What I concluded was that, yes, allowing myself to fully feel those emotions is always a good idea. And “letting it go” in the sense of not being attached to my anger, my feeling of betrayal, my feeling of helplessness, my feeling of being unfairly treated, is clearly a good idea.
But that doesn’t imply that I shouldn’t speak up. It doesn’t mean I shouldn’t say things the way I see them. If having feelings meant you cannot speak up, we’d not have anyone to speak up against anything. We need people to speak up.
It could also be a way to generate some PR. Then again, it probably wouldn’t attract the kind of audience that I’m looking for, and is this the kind of thing I want to be known for? Probably not.
I also felt fear. Could they retaliate? They have a truckload of resources, I have very few. Could they somehow make me pay, bankrupt me, make me lose my company, my business, my product? I don’t understand law well enough to know whether they could or not. I suspect they could if they wanted to. They could always set aside a mere million to throw some frivolous lawsuit after me, and I wouldn’t have the resources to defend myself and so would end up bankrupt or having to settle on whatever terms they offered.
And, hey, I could be wrong about the whole issue. Maybe I simply don’t “get” how business is done. Of course two CEO’s can’t talk about things directly. I think that’s a ridiculous idea, but the thought came up.
So yes, I could come up with plenty of reasons to “suck it up” and be quiet about the whole thing. Or just sulk and be angry and take it out on my spouse or kids or some local Indian rickshaw driver, perhaps. That clearly doesn’t sound like a great strategy. :)
In the end, I decided this was about speaking my truth, plain and simple. This is how I see things. Let me put it out there for people to agree or disagree with.
It was a tough choice. I’m afraid of a backlash. I’m afraid there’s some angle I’ve overlooked. I’m afraid it’s going to turn out that it’s just me being silly, overreacting, childish. Maybe I’m going to end up deeply regretting this.
After posting, I’ve had huge “transparency hangovers”, something that’s given me ample opportunity to feel a bunch of old feelings.
So many things in our lives we don’t do because we’re afraid of feeling certain feelings. This has certainly allowed me to feel a lot of feelings I didn’t want to feel :)

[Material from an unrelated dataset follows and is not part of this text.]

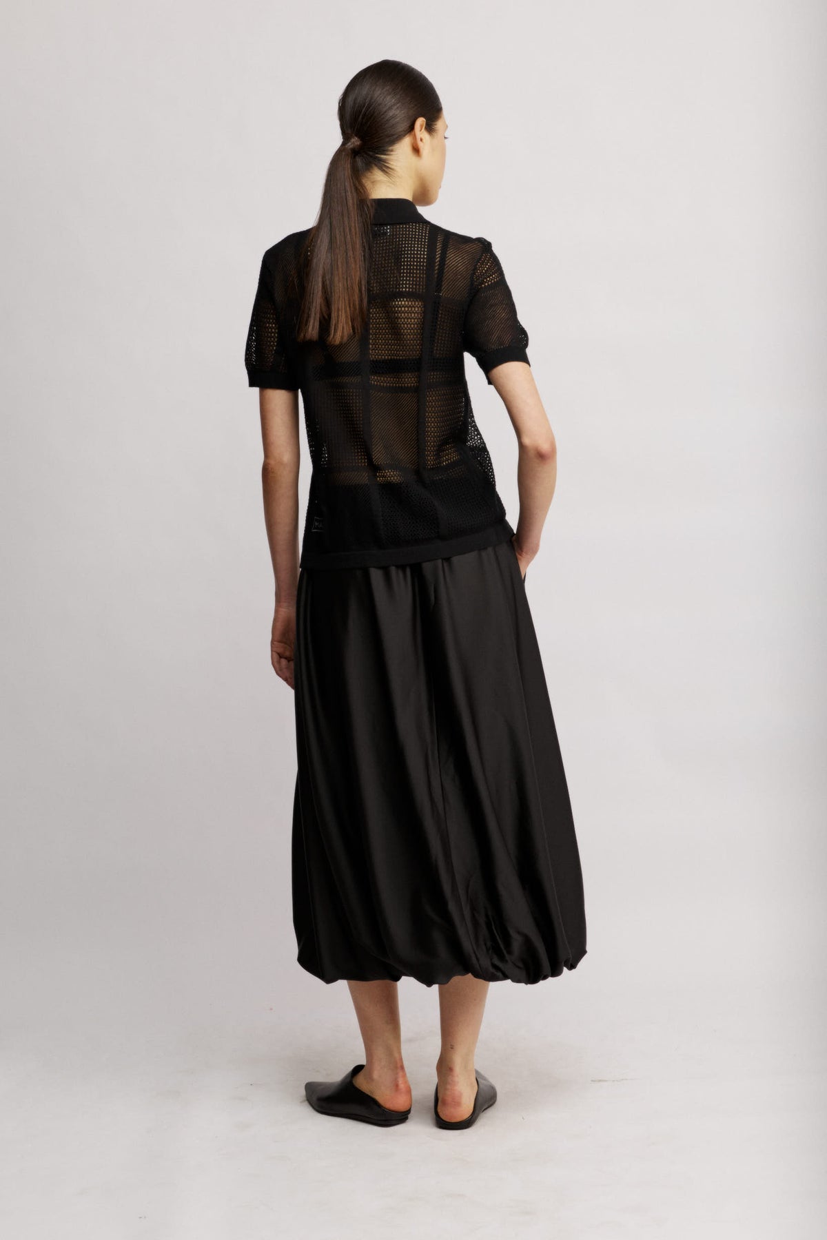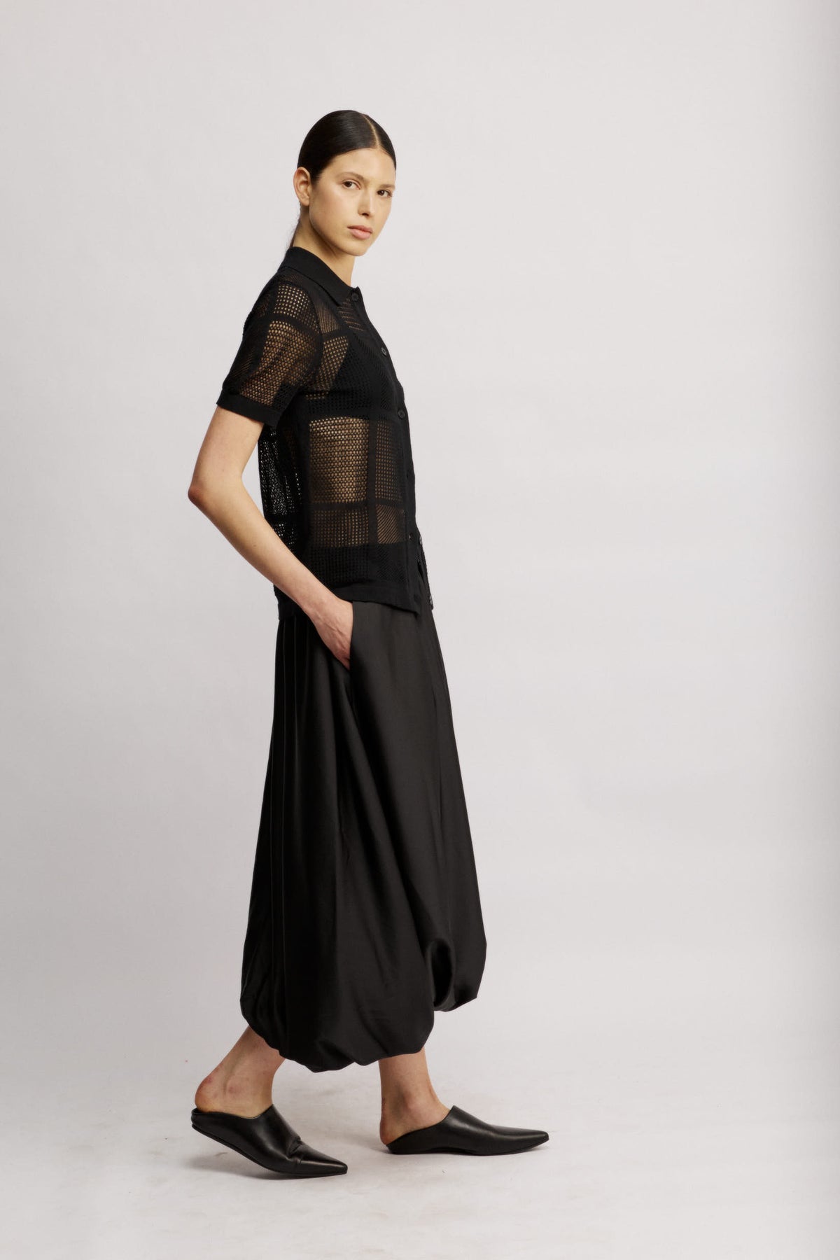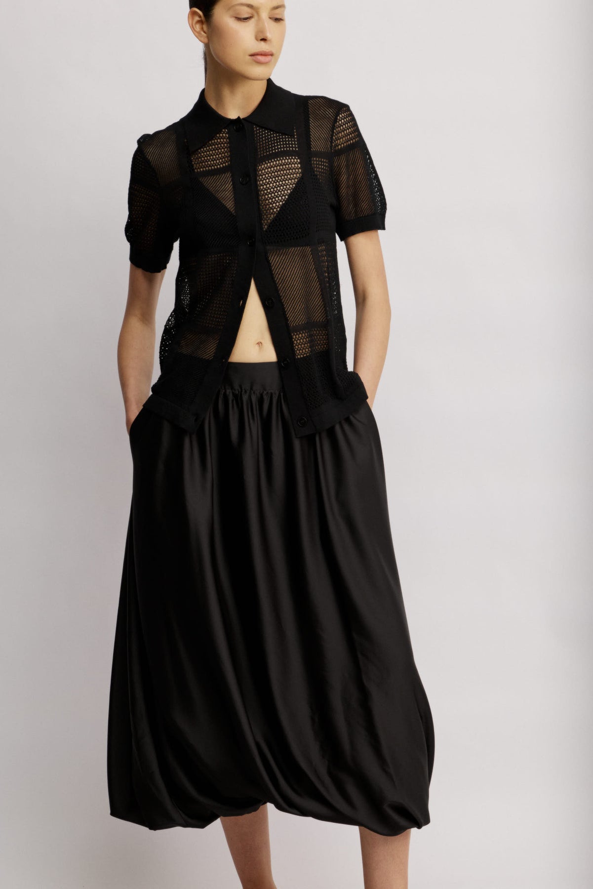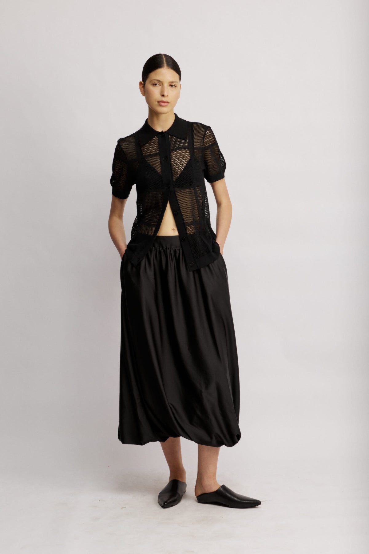 Alexis חצאית מידי שחורה עם כיסים צדדייים ונפח המעניק תנועה מסאטן מייקרופייבר איכותי משכית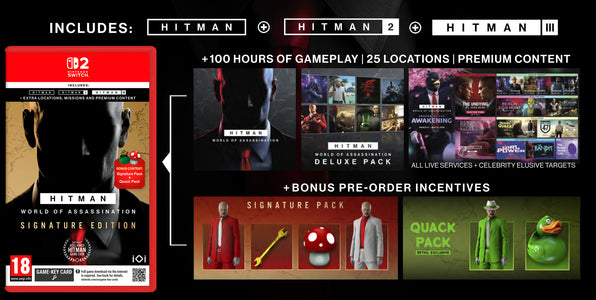 HITMAN World of Assassination brings together the best of HITMAN, HITMAN 2, and HITMAN 3, including the main campaign, contracts mode, escalations, elusive target arcades, and featured live content.

Feelings such as embarrassment, feeling stupid for overreacting, sadness, fear, aloneness. But also love and aliveness. It feels like there are areas in my body that have been dead for a while haven have now gotten a bit of life kicked into them again, and the experience isn’t all pleasurable, but not all bad either.
I can feel the source of the tug-of-war within me to on the one hand post this, and on the other hand convince myself not to post it. These are some interesting feelings!

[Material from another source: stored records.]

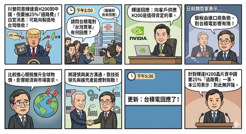 此次「輝達 H200 賣中國要付過路費」傳聞,雖尚未獲官方證實,台積電也針對外界關心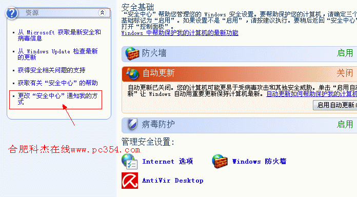 2.在出現的窗口左邊點擊“更改 安全中心 通知我的方式”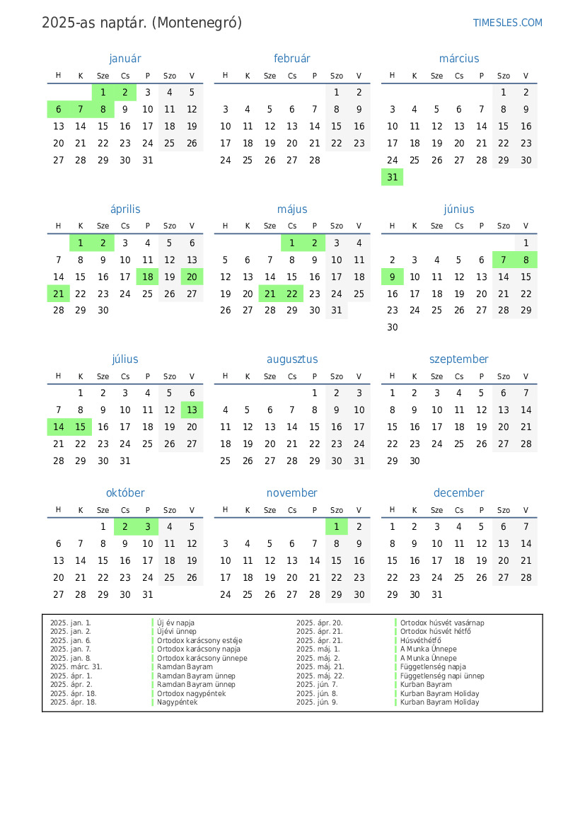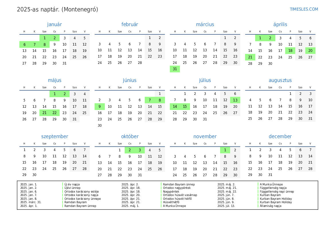 PDF naptár letöltése és kinyomtatása ünnepekkel és hétvégékkel 2025-ra Montenegró számára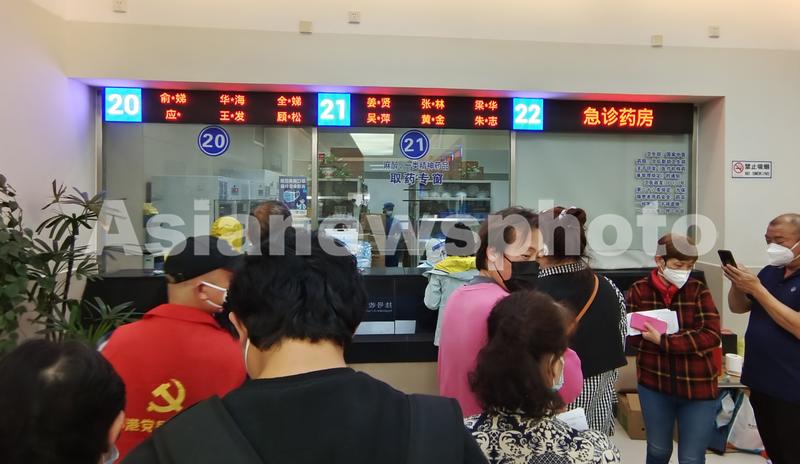 图片说明:2022年5月4日,上海,为切实解决群众就医需求,复旦大学附属中山医院全面复工所有类型门诊和急诊服务(包括高级专家门诊)。图为众多市民在配药处排队取药。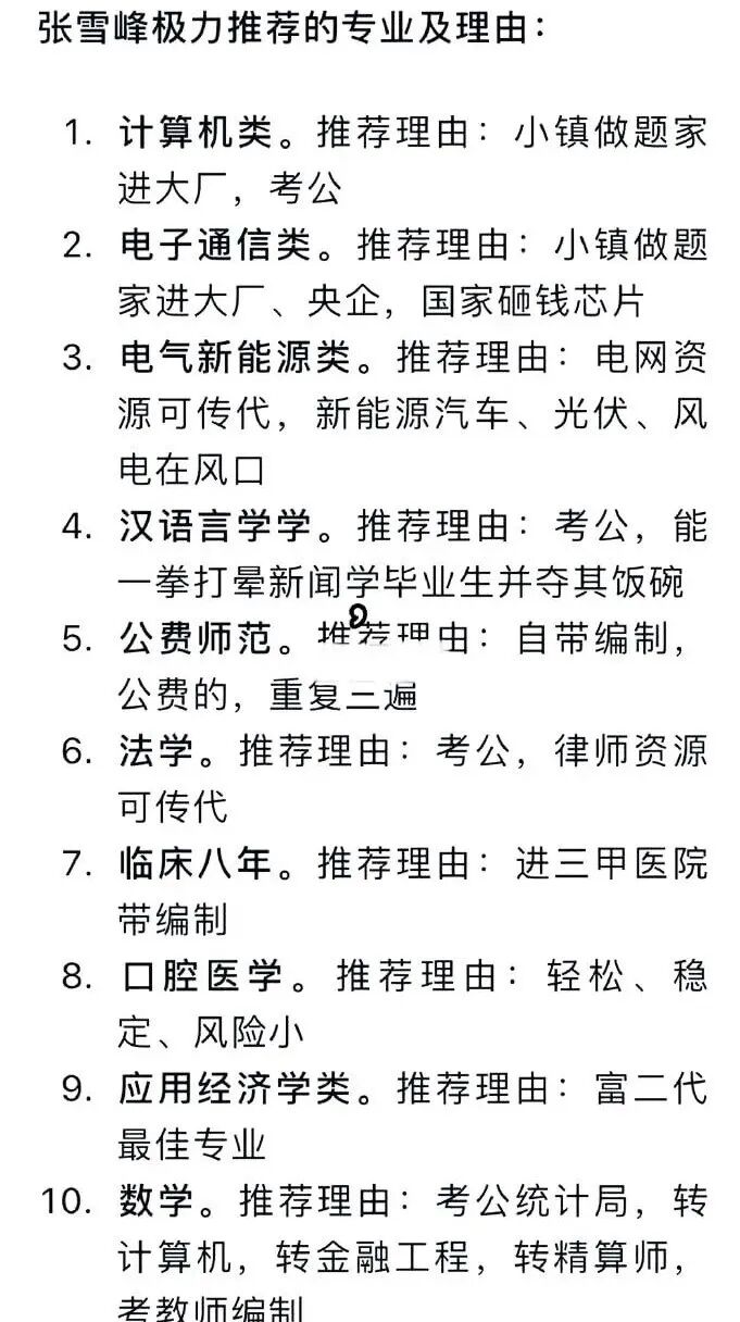 我们先来看下网友整理的,张雪峰老师对普通家庭孩子专业报考的建议:

It all reminds me of a recent conversation I had with Gay. I shared that I was afraid that I was just a cliché – having left my wife and children and moved to India with a new young wife, bought a motorcycle, a sports car, at the tail end of my 30s … such a cliché. To which he responded: “Yes, and so take a moment to embrace the fact that you’re one big cliché, and love yourself right through it.” It took the sting out of being a cliché. So i’m a cliché, so what? There’s a reason a cliché becomes a cliché … because it has truth.
I’m thinking of that feeling as I’m experiencing these feelings right now. So yes, I’m wounded and hurt and scared shitless, I feel betrayed, I clearly overreacted and crossed some form of line when I chose to take this dispute public. And I’m working on loving myself right through all of that. So I overreact sometimes. So what? I can still love myself. (And, by the way, who gets to define what’s the appropriate reaction? Who has that authority? I do. For me. And you do. For you. That’s who.)
If we can’t ever allow ourselves to overreact, then we’re not free to react appropriately and authentically, because we have to ensure we always stay well within the line.
Life’s challenging and exhilarating. Enjoy!